- Redacted receivers’ report raises serious concerns about Du Val Group
- Irregular accounting, questionable asset values need further investigation
- Level of concerns about financial management of group warranted statutory management
Receivers for the collapsed Du Val property group have highlighted irregular accounting, questioned valuations of assets, and related party transactions which led to the group being placed into statutory management last month.
A redacted initial report from the receivers of accounting firm PwC last month has just been released on High Court orders and it said further investigations were needed into various aspect of the Du Val group’s property and investment businesses.
“There is evidence of irregular accounting entries that have created assets that may not be legitimate and/or for which the recorded value is insufficiently supported.”
The PwC report said there were also concerns about transactions involving a trust run by the Du Val group founders and directors, Kenyon and Charlotte Clarke.
The group was recorded as buying intellectual property from the trust for $15 million, which created a loan balance to the trust, with the balance later reduced to $5.5m.
“As Du Val Group NZ Limited (in Receivership) does not have financial records in Xero we have been unable to determine the associated funds flow supporting these positions,” the report said.
“Further investigation is strongly recommended in this regard, including the basis for the initial purchase transaction and value attached.”
Unsupported valuations
The report also looked at valuations used in offers presented to investors to turn their investments in individual funds into shares in the Du Val Property Group (DVPG).
“The information memorandum referenced an internally produced valuation agreed by the directors of DVPG of $306m to $431m,” the report said, adding there no independent, external valuation.

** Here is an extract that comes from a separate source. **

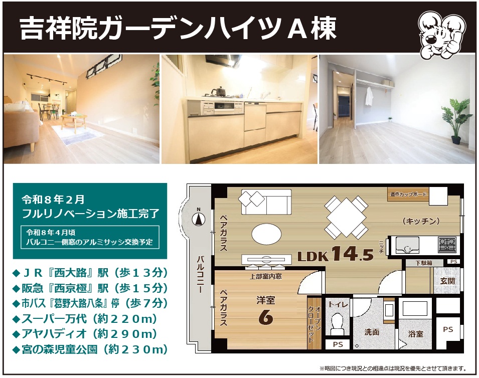吉祥院ガーデンハイツA棟/3階部分 ★令和8年2月フルリノベーション施工のお部屋★即入居可能 1,480 万円 所在地:京都市南区吉祥院西ノ庄向田町 交通:JR「西大路」駅歩13分 阪急「西京極」駅歩15分 市バス「葛野大路八条」停歩7分 構造:RC造7階建3階部分 号数:313号室 専有面積:44.00㎡ バルコニー:6.74㎡ 間取り:1LDK 管理費:4850円/月 修繕積立金:7900円/月 建築:1974年(昭和49年)3月 現況:空室 明け渡し:即時 総戸数:413戸 管理形態:委託管理 学区:祥豊小学校(約950m)/洛南中学校(約2080m) この物件のお問い合せ この物件のお問い合せを希望の方は、下の送信フォームに必要事項をご入力の上、送信をお願いいたします。後ほど担当者よりご連絡差し上げますので、お気軽に何なりとご相談ください。 物件名: 『吉祥院ガーデンハイツA棟/3階部分』 お名前 [必須] フリガナ [必須] メールアドレス [必須] お電話番号 お問い合わせ内容

The Du Val Group was placed into receivership early last month on the application on the Financial Markets Authority after an investigation into the group’s affairs.

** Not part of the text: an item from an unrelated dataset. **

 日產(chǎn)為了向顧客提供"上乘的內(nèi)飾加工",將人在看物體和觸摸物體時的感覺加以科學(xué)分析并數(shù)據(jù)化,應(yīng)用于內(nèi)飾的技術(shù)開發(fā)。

The initial receivers’ report, which is the one just released, raised sufficient concerns for the FMA to recommend to the government to take the rarely used step to elevate the action to statutory management.
The receivers also reported evidence of business links and activities overseas, and that some of the Clarke’s personal expenses had been paid by the group.
Commerce Minister Andrew Bayly said at the time the Du Val group had significant liabilities and its position was so complex and large that statutory management was needed to prevent broader harm.
One of the receivers, John Fisk, put the extent of the financial shortfall in the group as high as $250m.
There were four core Du Val corporations and 20 associated limited partnerships, and 46 subsidiaries. One subsidiary was excluded as it was 50 percent owned by a third party and operated independently of the Du Val Group.
Du Val Group investment funds were aimed at so-called wholesale investors, deemed to be experienced and knowledgeable about such investments. About 120 investors were involved in the group when it went into receivership.
The PwC receivers said statutory management would provide certainty to all parties and allow work to continue on Du Val’s active construction projects.